第一步:获取 Google API 密钥

The pygoogle's page states:

pygoogle的页面的状态:

Unfortunately, Google no longer supports the SOAP API for search, nor do they provide new license keys. In a nutshell, PyGoogle is pretty much dead at this point.

You can use their AJAX API instead. Take a look here for sample code: http://dcortesi.com/2008/05/28/google-ajax-search-api-example-python-code/

不幸的是,Google 不再支持用于搜索的 SOAP API,也不提供新的许可证密钥。简而言之,PyGoogle 在这一点上几乎已经死了。

您可以改用他们的 AJAX API。在此处查看示例代码:http: //dcortesi.com/2008/05/28/google-ajax-search-api-example-python-code/

... but you actually can't use AJAX API either. You have to get a Google API key. https://developers.google.com/api-client-library/python/guide/aaa_apikeysFor simple experimental use I suggest "server key".

...但实际上您也不能使用 AJAX API。您必须获得 Google API 密钥。https://developers.google.com/api-client-library/python/guide/aaa_apikeys对于简单的实验使用,我建议使用“服务器密钥”。

2nd step: setup Custom Search Engine so that you can search the entire web

第二步:设置自定义搜索引擎,以便您可以搜索整个网络

Indeed, the old API is not available. The best new API that is available is Custom Search. It seems to support only searching within specific domains, however, after following this SO answeryou can search the whole web:

事实上,旧的 API 不可用。可用的最佳新 API 是自定义搜索。它似乎只支持在特定域内搜索,但是,在遵循此 SO 答案后,您可以搜索整个网络:

  1. From the Google Custom Search homepage ( http://www.google.com/cse/), click Create a Custom Search Engine.
  2. Type a name and description for your search engine.
  3. Under Define your search engine, in the Sites to Search box, enter at least one valid URL (For now, just put www.anyurl.com to get past this screen.

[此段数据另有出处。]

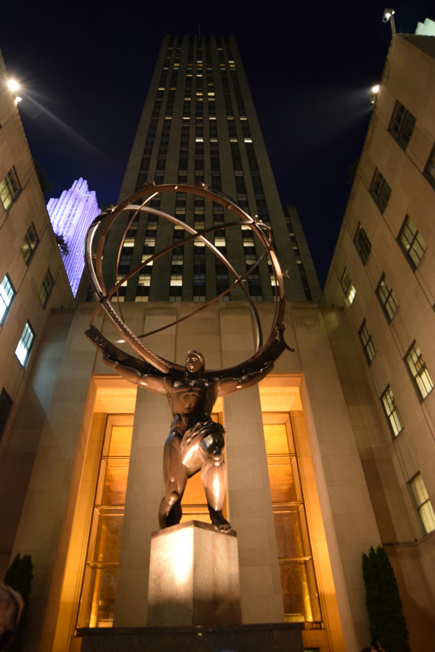 Standing prominently in front of 30 Rockefeller Plaza is Paul Manship’s highly recognizable bronze gilded statue of the Greek legend of the Titan Prometheus recumbent, bringing fire to mankind. The model for Prometheus was Leonardo (Leon) Nole, and the inscription, a paraphrase from Aeschylus, on the granite wall behind, reads: “Prometheus, teacher in every art, brought the fire that hath proved to mortals a means to mighty ends.”
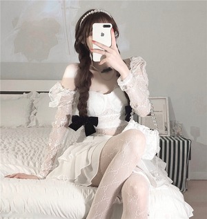 レース長袖スリーブ薄手トップス ウェストシフォンスカート ロング スクウェア Xiaofeijia24820602977
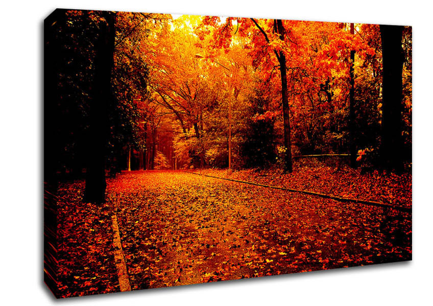 Fall In The Orange Forest Canvas Print handmade in the UK. Stretched over a 2 inch thick wooden box frame, ready to hang on your wall.
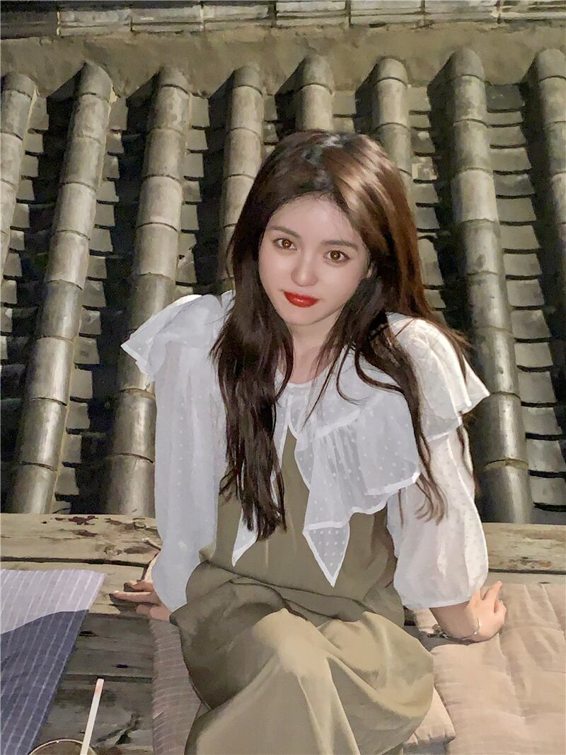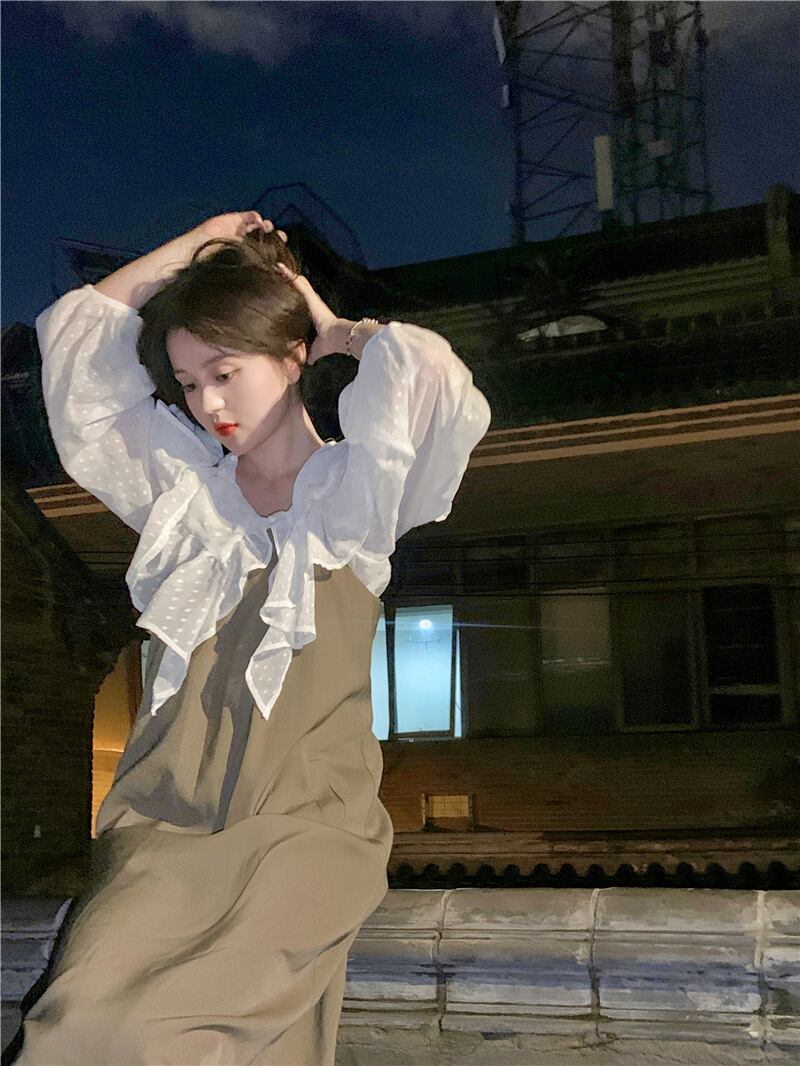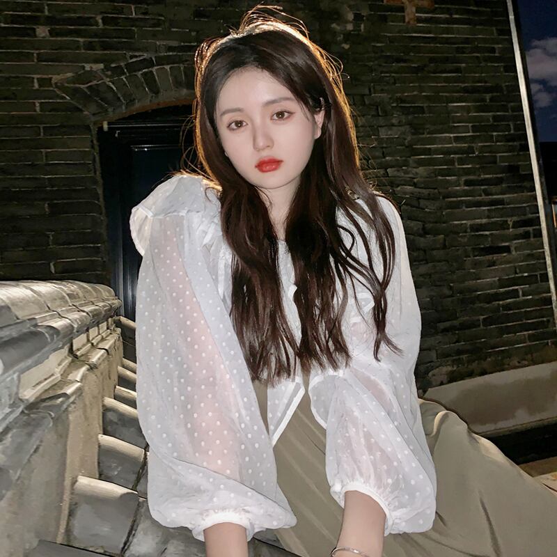 ホワイト水玉シャツ スプリング薄手トップス 春物 SYJ27573591229
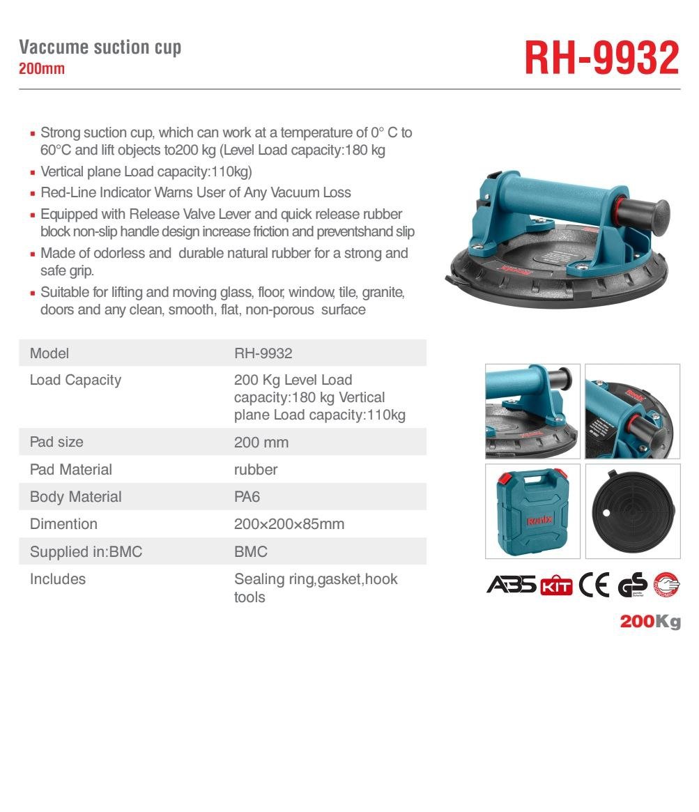 كوب شفط قوي، يعمل في درجات حرارة تتراوح بين 0 و60 درجة مئوية، ويرفع أجسامًا تصل إلى 200 كجم (سعة التحميل المستوية: 180 كجم
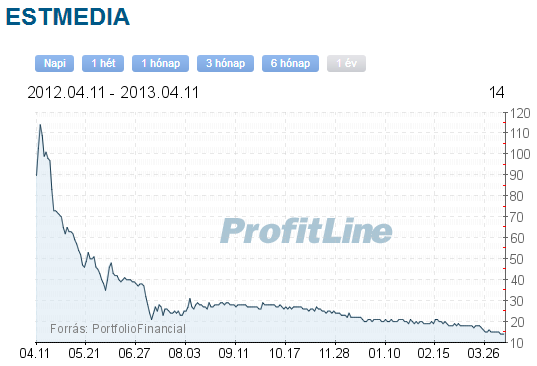 Az EST Média részvény tőzsdei árfolyama az elmúlt 1 évben
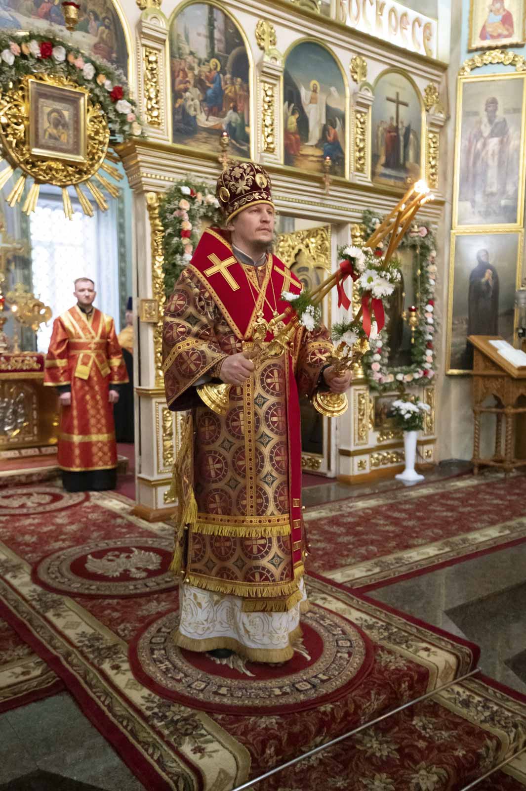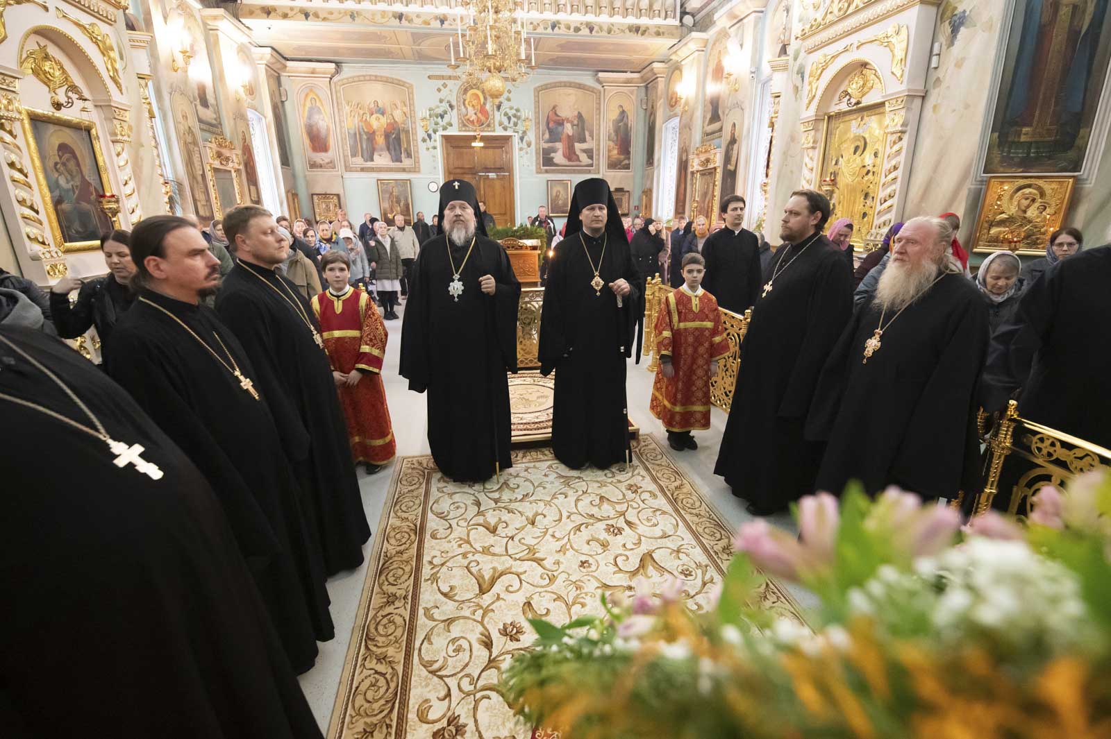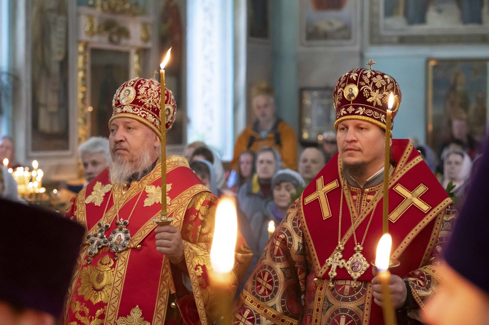 Вечером епископ Макарий в сослужении архиепископа Гомельского и Жлобинского Стефана совершил Всенощное Бдение в канун Недели о Самаряныне в Петро-Павловском соборе г. Гомеля. Перед богослужением владыки возложили цветы к поклонному кресту в память об архипастырях и священнослужителях, пострадавших в годы гонений на веру, на территории Собора. За богослужением епископ Макарий помазал верующих освященным елеем и раздал иконки великомученика Георгия Победоносца.

More on this later ).
  4. Select the CSE edition you want and accept the Terms of Service, then click Next. Select the layout option you want, and then click Next.
  5. Click any of the links under the Next steps section to navigate to your Control panel.
  6. In the left-hand menu, under Control Panel, click Basics.
  7. In the Search Preferences section, select Search the entire web but emphasize included sites.
  8. Click Save Changes.
  9. In the left-hand menu, under Control Panel, click Sites.
  10. Delete the site you entered during the initial setup process.
  1. 从 Google 自定义搜索主页 ( http://www.google.com/cse/),单击创建自定义搜索引擎。
  2. 键入搜索引擎的名称和说明。
  3. 在“定义您的搜索引擎”下的“要搜索的站点”框中,输入至少一个有效的 URL(目前,只需输入 www.anyurl.com 即可跳过此屏幕。稍后会详细介绍)。
  4. 选择您想要的 CSE 版本并接受服务条款,然后单击下一步。选择所需的布局选项,然后单击下一步。
  5. 单击下一步部分下的任何链接以导航到您的控制面板。
  6. 在左侧菜单中的“控制面板”下,单击“基本信息”。
  7. 在“搜索首选项”部分中,选择“搜索整个 Web 但强调包含的站点”。
  8. 单击保存更改。
  9. 在左侧菜单中的控制面板下,单击站点。
  10. 删除您在初始设置过程中输入的站点。

This approach is also recommended by Google: https://support.google.com/customsearch/answer/2631040

这种方法也是谷歌推荐的:https: //support.google.com/customsearch/answer/2631040

3rd step: install Google API client for Python

第 3 步:为 Python 安装 Google API 客户端

pip install google-api-python-client, more info here:

pip install google-api-python-client,更多信息在这里:

4th step (bonus): do the search

第 4 步(奖励):进行搜索

So, after setting this up, you can follow the code samples from few places:

因此,设置好后,您可以从几个地方遵循代码示例:

and end up with this:

并最终得到这个:

from googleapiclient.discovery import build
import pprint

my_api_key = "Google API key"
my_cse_id = "Custom Search Engine ID"

def google_search(search_term, api_key, cse_id, **kwargs):
    service = build("customsearch", "v1", developerKey=api_key)
    res = service.cse().list(q=search_term, cx=cse_id, **kwargs).execute()
    return res['items']

results = google_search(
    'stackoverflow site:en.wikipedia.org', my_api_key, my_cse_id, num=10)
for result in results:
    pprint.pprint(result)

After some tweaking you could write some functions that behave exactly like your snippet, but I'll skip this step here.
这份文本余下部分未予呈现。